*** DATA TO USE ***
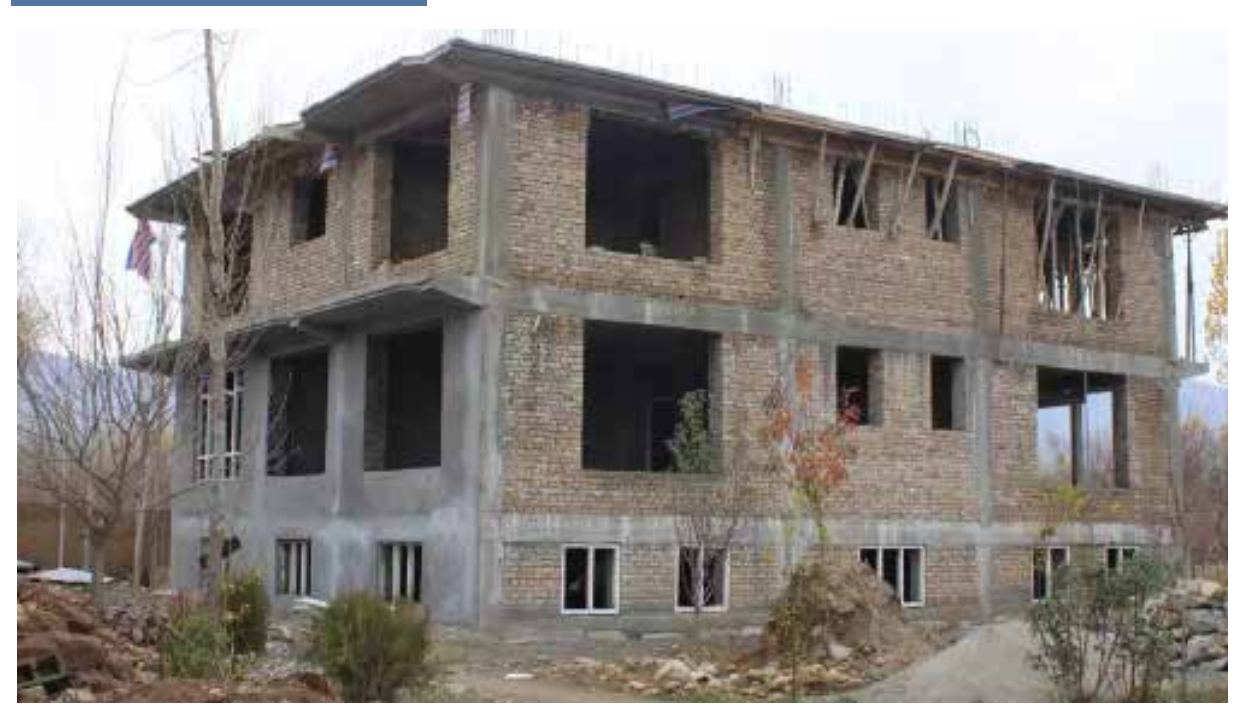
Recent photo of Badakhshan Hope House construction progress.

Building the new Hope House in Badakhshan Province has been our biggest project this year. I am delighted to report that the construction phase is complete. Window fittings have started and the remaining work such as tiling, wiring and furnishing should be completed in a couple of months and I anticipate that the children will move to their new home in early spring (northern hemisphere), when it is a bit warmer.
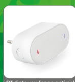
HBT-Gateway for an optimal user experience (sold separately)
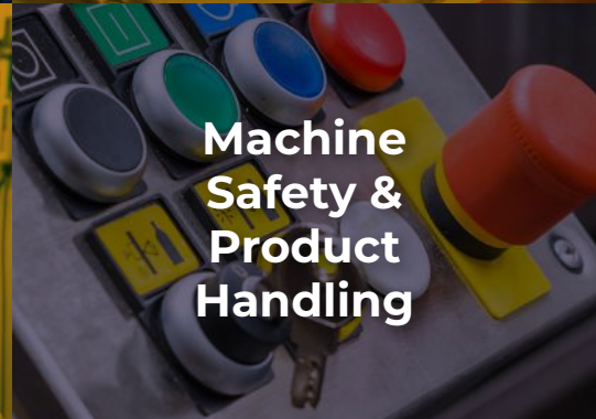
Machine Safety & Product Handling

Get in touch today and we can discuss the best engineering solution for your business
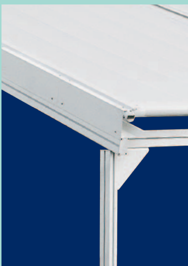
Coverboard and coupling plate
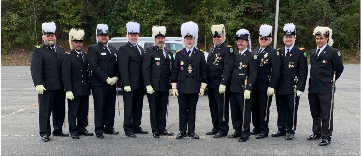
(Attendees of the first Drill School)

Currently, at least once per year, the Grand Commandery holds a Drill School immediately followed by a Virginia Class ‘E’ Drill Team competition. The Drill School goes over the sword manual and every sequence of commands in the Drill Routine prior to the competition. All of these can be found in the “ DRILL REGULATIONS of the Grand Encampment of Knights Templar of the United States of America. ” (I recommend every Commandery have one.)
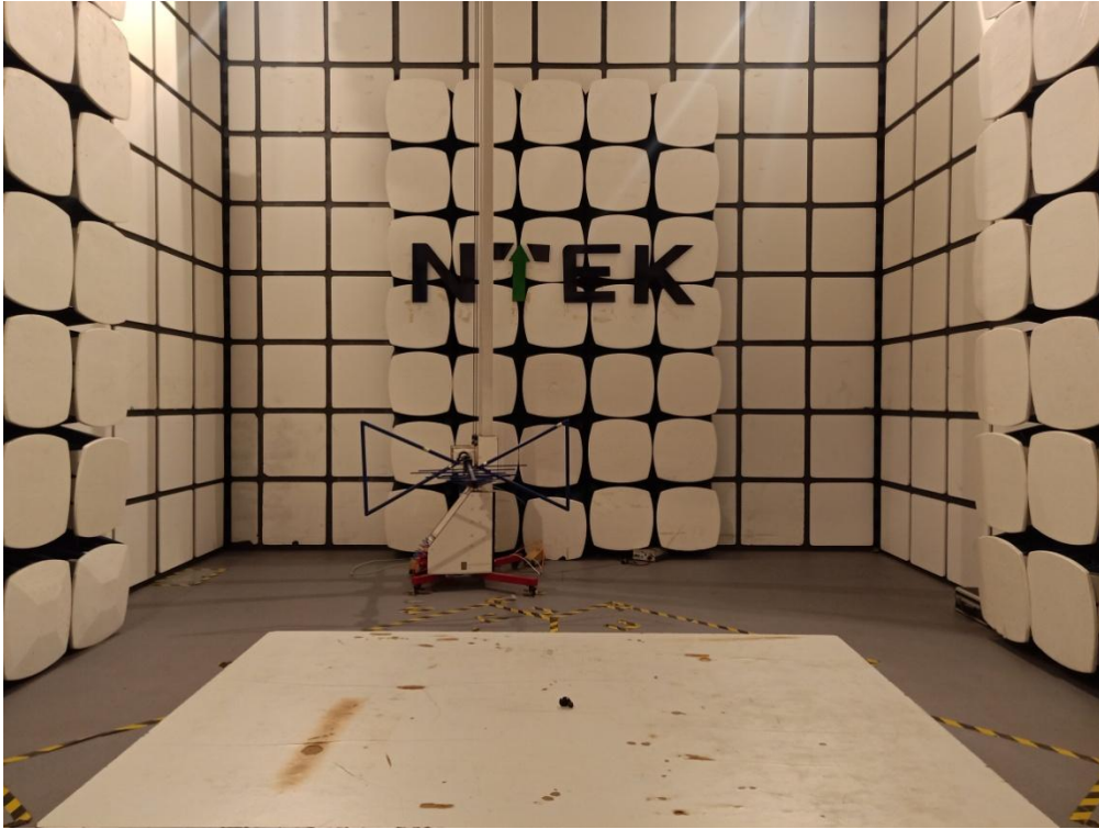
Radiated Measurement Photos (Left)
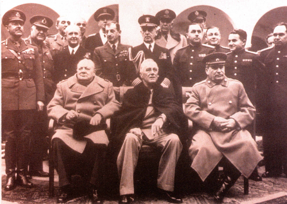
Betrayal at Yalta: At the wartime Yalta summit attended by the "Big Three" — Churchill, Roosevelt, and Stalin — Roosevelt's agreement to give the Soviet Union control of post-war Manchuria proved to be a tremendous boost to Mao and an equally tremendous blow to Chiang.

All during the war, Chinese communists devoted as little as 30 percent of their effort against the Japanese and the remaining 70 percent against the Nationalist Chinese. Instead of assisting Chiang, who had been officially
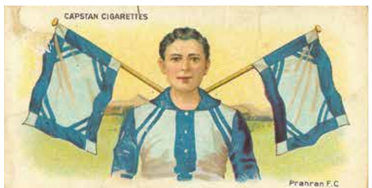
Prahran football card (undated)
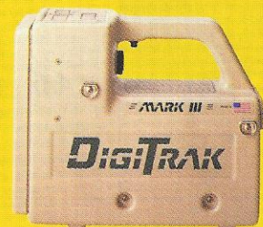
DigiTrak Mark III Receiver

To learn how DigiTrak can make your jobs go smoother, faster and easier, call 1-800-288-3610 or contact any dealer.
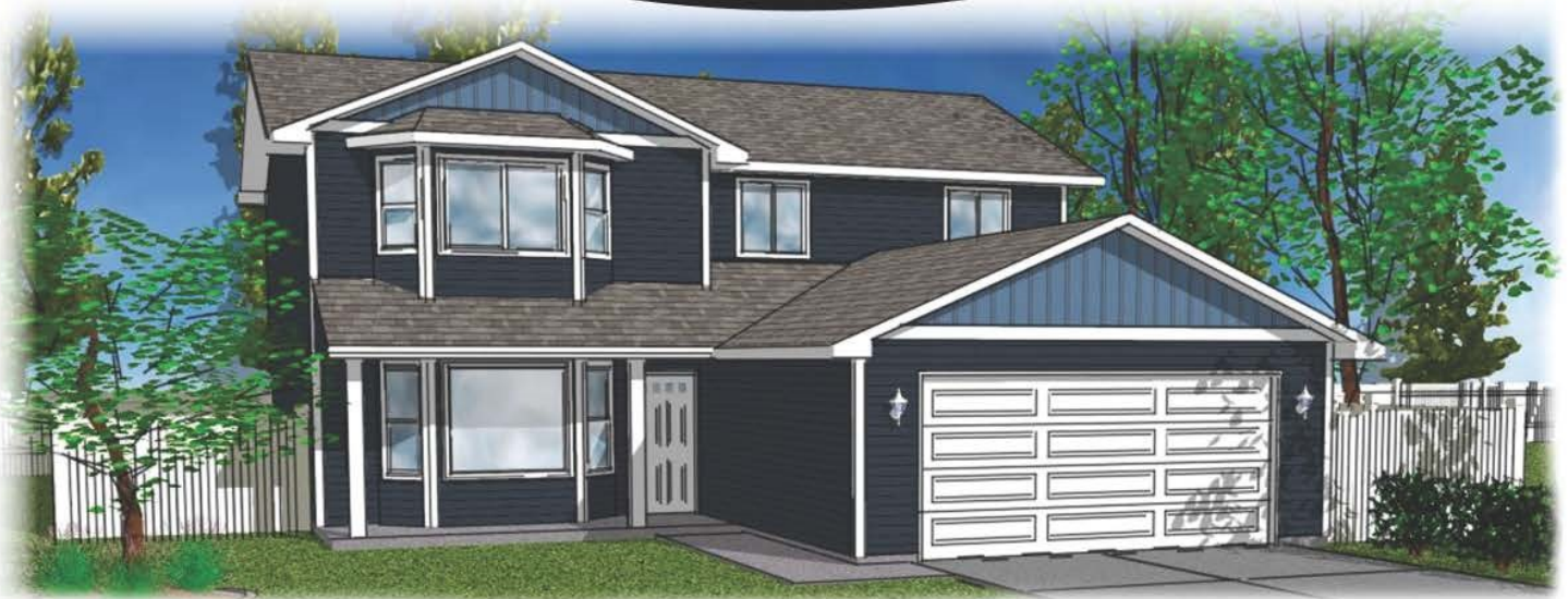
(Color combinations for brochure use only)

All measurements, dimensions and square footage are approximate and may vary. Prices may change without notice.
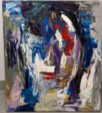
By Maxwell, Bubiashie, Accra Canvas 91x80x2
***
* WHAT YOU HAVE TO DO
Looking at the records above, which lines contain "remaining"? Copy those lines.

* RESPONSE AREA
Building the new Hope House in Badakhshan Province has been our biggest project this year. I am delighted to report that the construction phase is complete. Window fittings have started and the remaining work such as tiling, wiring and furnishing should be completed in a couple of months and I anticipate that the children will move to their new home in early spring (northern hemisphere), when it is a bit warmer.
All during the war, Chinese communists devoted as little as 30 percent of their effort against the Japanese and the remaining 70 percent against the Nationalist Chinese. Instead of assisting Chiang, who had been officially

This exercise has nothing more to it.